La dame tent sa main et li Cuens li afie.

Les adieux des dames et des vieillards qui restent ne sont pas moins touchants ni moins heureusement exprimés. Telle est, suivant M. Pigeonneau, la troisième concordance entre Albert d’Aix et notre trouvère. Voyons encore la quatrième :

4. Il s’étend plus longuement sur les démêlés des Francs avec l’Empereur, et son récit, bien qu’on retrouve quelques-unes des circonstances mentionnées par les historiens, s’en sépare complétement sur le rôle qu’il attribue à Estatin. »

Il serait assurément étrange qu’on n’eût pas retrouvé dans l’Antioche quelques-unes des circonstances mentionnées par les autres historiens.

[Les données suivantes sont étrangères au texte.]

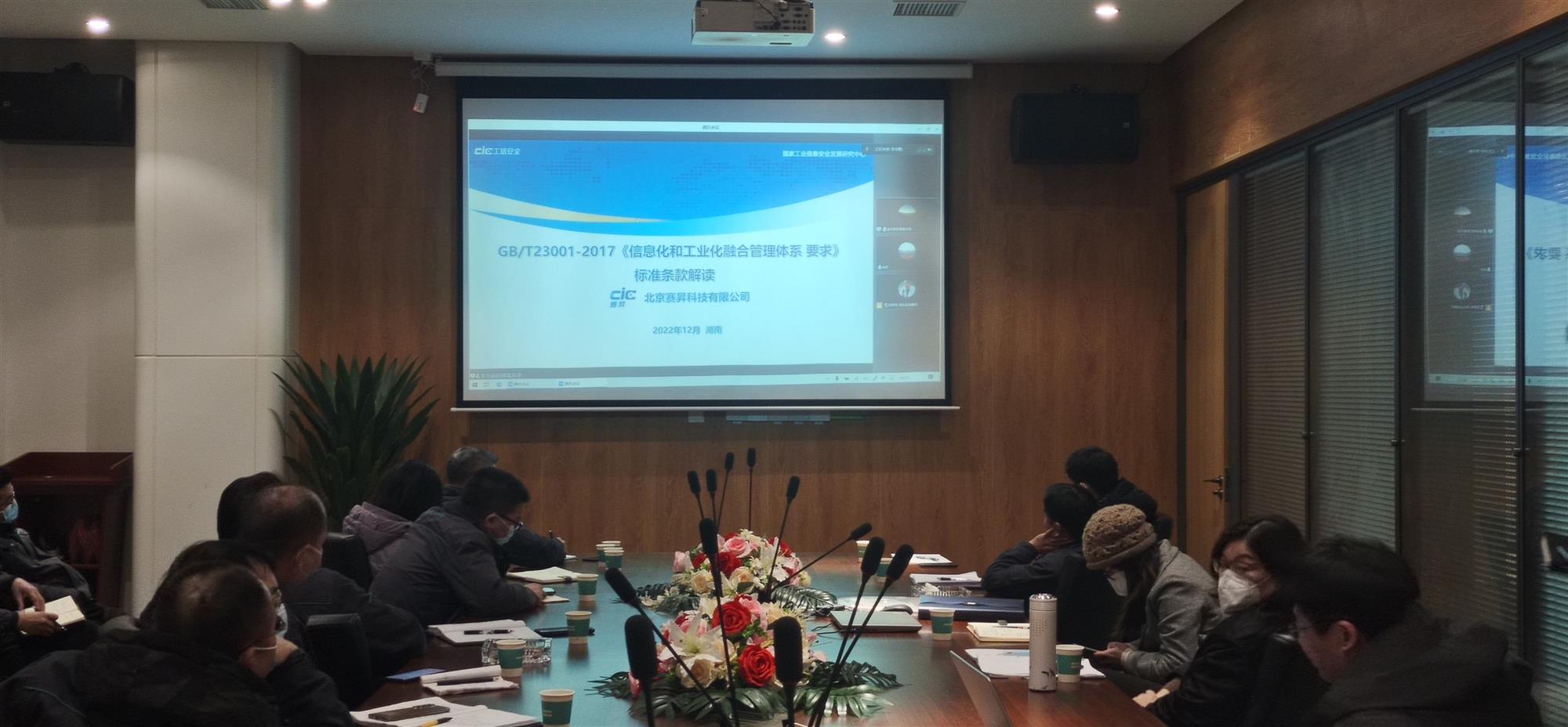 当日下午,汨罗公司中高层管理人员、“两化融合”贯标工作小组全体成员参加了由北京赛昇科技有限公司高级工程师、资深审核员李华新老师的远程授课,详细了解了GB/T23001-2017《信息化和工业化融合管理体系 要求》标准条款,以通过对标准的系统学习,圆满完成贯标工作。
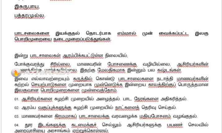 அக்கடிதத்தில்,இன்று பாடசாலைகள் ஆரம்பிக்கபட்டுள்ள நிலையில்,
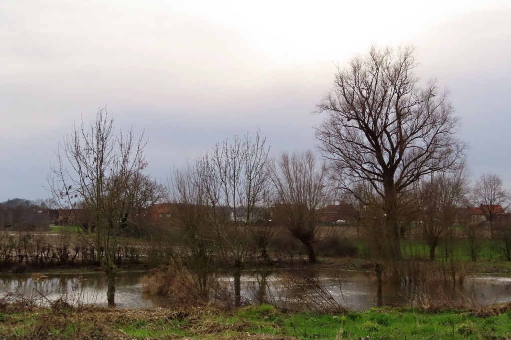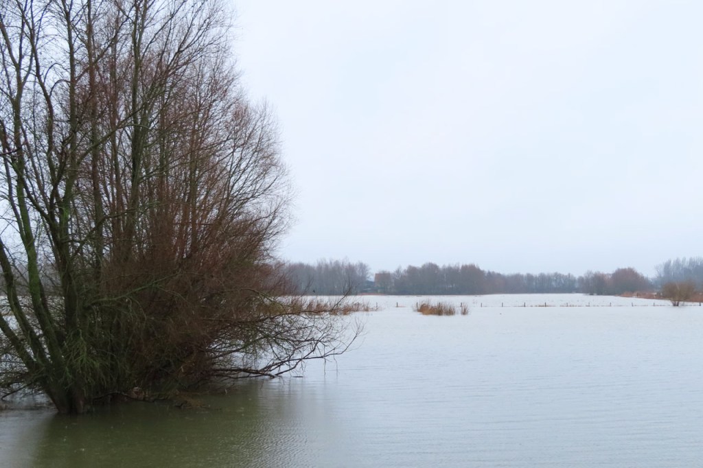 De Verdronken Weide is momenteel eigenlijk niet de aangewezen plaats om te wandelen. Ik wist dat al op voorhand voor de overkant van de weide maar ondertussen blijkt ook deze kant behoorlijk verzadigd te zijn. Anderzijds staat er op de moment wel erg veel water in de weide wat het toch weer enigszins bijzonder en dus de moeite maakt om er eens te passeren. Overigens staat ook in de vesten het water erg hoog en is het op de vestingen ook niet overal even aangenaam wandelen.

Mais puisqu’elle « s’en séparait complétement sur les autres points, en devait-on conclure que le trouvère n’avait rien dit qu’il n’eût emprunté aux autres sources ? Cependant comme Estatin l’Esnasé ou Tatixos, que tous les latinistes accusent à qui mieux mieux de trahison, est représenté par le seul Richard comme un modèle de prudhommie, M. Pigeonneau explique sans le moindre embarras ce contraste par les relations particulières de ce personnage avec les chevaliers des Flandres. Il avait été plus tard investi de la charge de grand primicier, et il avait commandé en Asie Mineure un corps de cinq cents chevaliers flamands envoyés par Robert de Flandres au secours d’Alexis.... C’était une tradition flamande.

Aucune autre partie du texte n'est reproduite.